Elowra’s pen stopped for half a breath. Bernard’s jaw tightened. Grace looked down.

Celestine did not move. “That is a serious implication.”

“Yes,” Dara replied. “I made it carefully.”

Cai clutched his chest. Oh, I love when you do that.

“No public coin has been misused,” Celestine said.

“According to whose definition?”

“The legal one.”

“Ah.” Dara nodded. “The most flexible kind.”

Celestine’s eyes narrowed by perhaps a single degree. “The treasury uses established credit houses to stabilize release, verify routes, and reduce exposure to fraud.”

“And while the funds sit there?”

“They remain accounted for.”

“A useful phrase.”

“Accurate phrase.”

“To the districts?”

Celestine paused.

Dara smiled. “There it is.”

“The districts receive their allocations once the release conditions are satisfied.”

“And the counting houses receive deposits first.”

“Temporarily.”

“The noble-backed houses receive liquidity first.”

“Safeguarded liquidity.”

“Then the districts receive delayed repairs.”

“Controlled disbursement.”

“Then markets wait.”

“Prevented waste.”

“Then roads break twice before being repaired once.”

Celestine said nothing.

Dara leaned forward. “And while all of that happens, certain families get to say the treasury remains stable.”

Silence.

For the first time since entering, Celestine’s expression changed, barely enough to notice—not fear, not anger, but recognition.

That was more satisfying.

“You have been studying transfer structures,” Celestine said.

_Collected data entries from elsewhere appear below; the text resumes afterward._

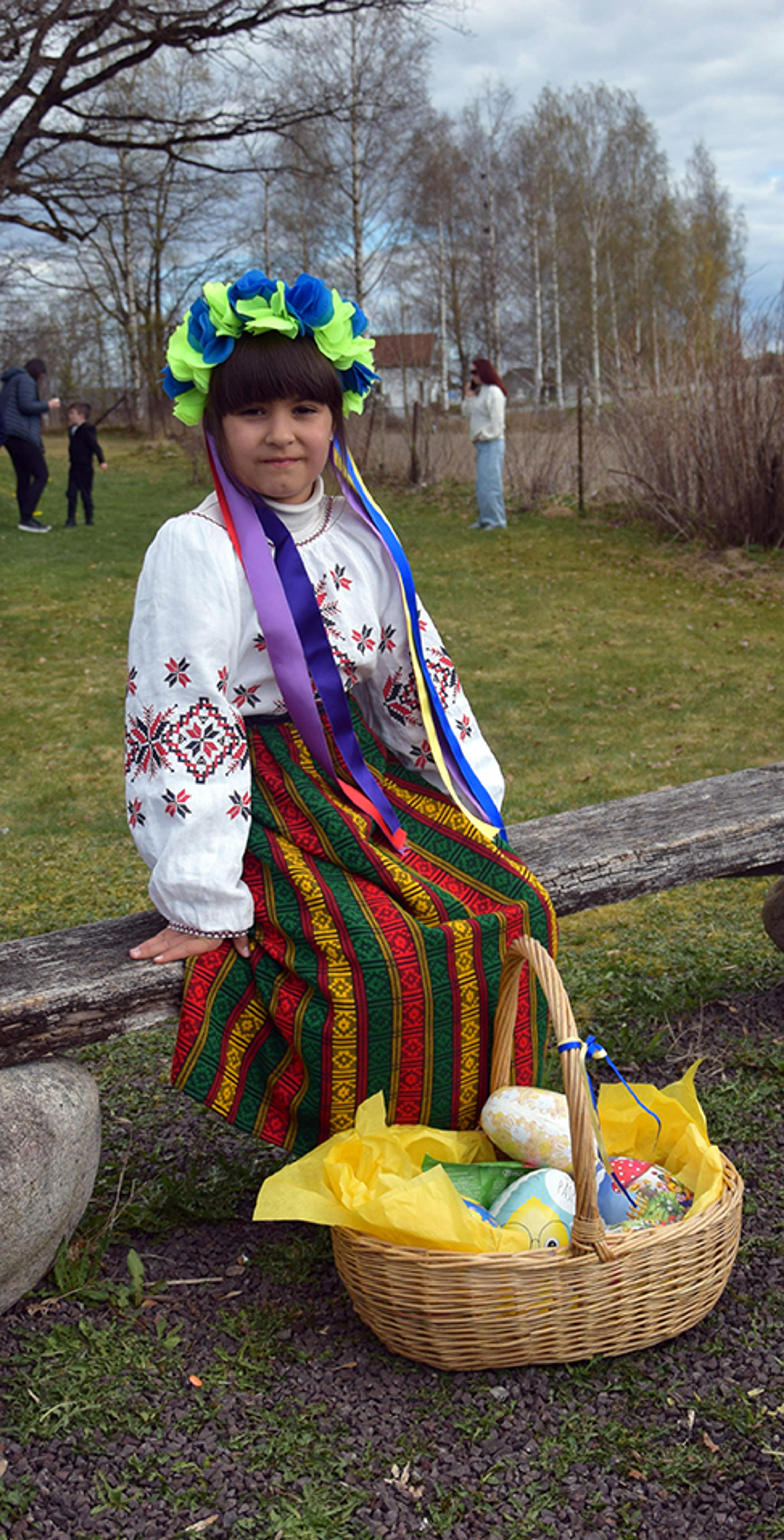 PÅSKEEGG: Hører med også i ukrainsk påskefeiring. Her sitter Uliana Golik (8) med en kurv med påskeegg foran seg. Foto: Håkon Westby.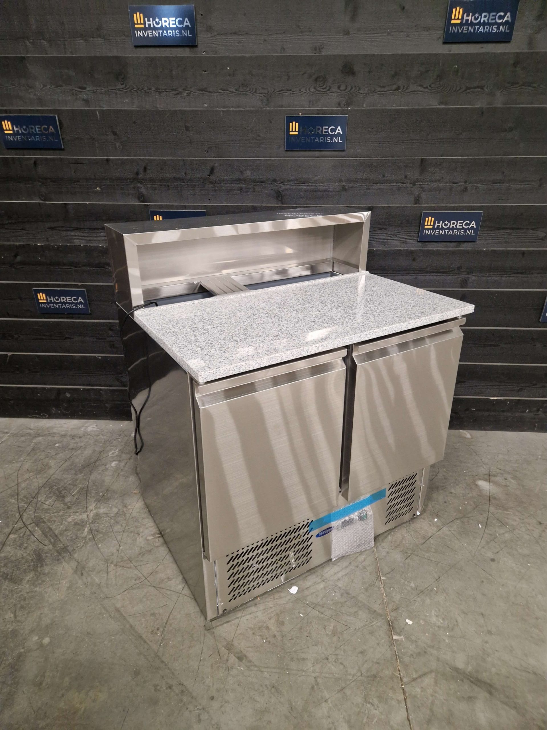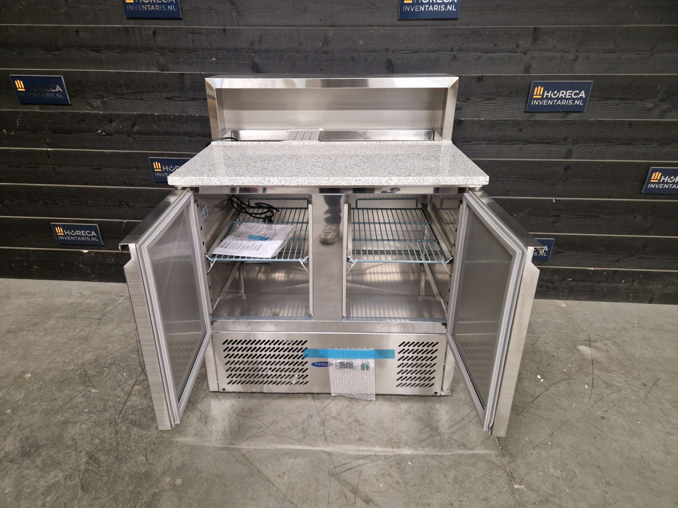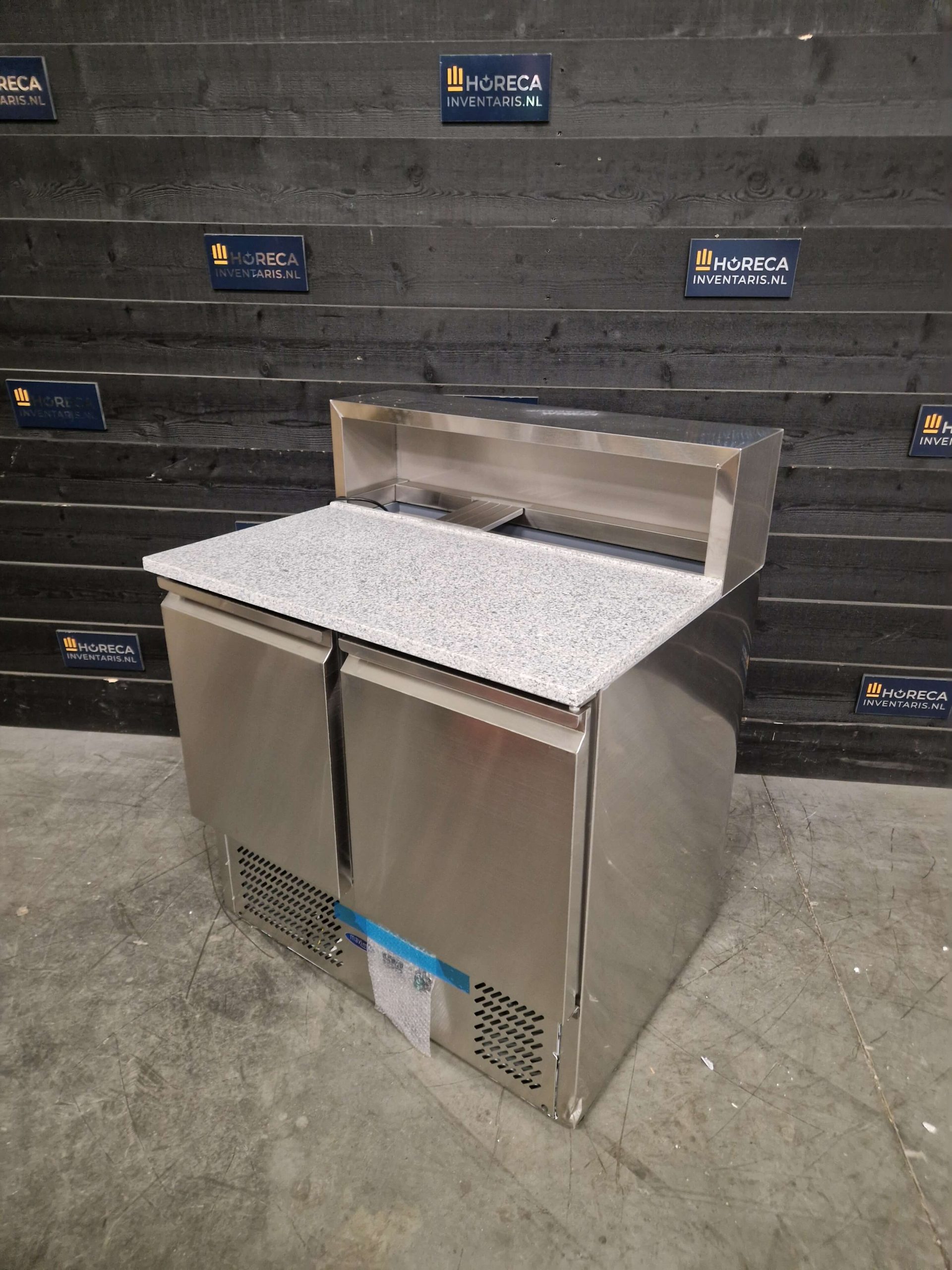 Bereid dagelijks verse pizza’s met gemak met deze professionele pizzawerkbank. Het granieten werkblad voorkomt dat pizzadeeg blijft plakken, terwijl de opzetkoelvitrine plaats biedt aan vijf 1/6 GN-bakken voor al je toppings binnen handbereik.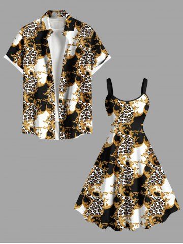 Plus Size Floral Leopard Colorblock Print Hawaii Tank Dress - Deep Coffee - 2x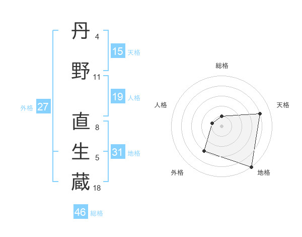 丹野 直生蔵さんの地格は31画の5点!

Dara smiled. “I have hobbies.”

Cai landed on the back of Dara’s chair, invisible and delighted. Terrifying hobbies.

Celestine glanced at Bernard, then Elowra, then back at Dara. “This is not proof of misconduct.”

“No,” Dara said. “It is proof of behavior.”

“Behavior is not a crime.”

“Neither is curiosity.”

That landed.

Celestine sat very still before saying, “What do you want?”

Direct.

Good.

Dara almost approved.

“Move the money faster.”

“That is not a specific request.”

“It is when spoken to someone who controls the pace.”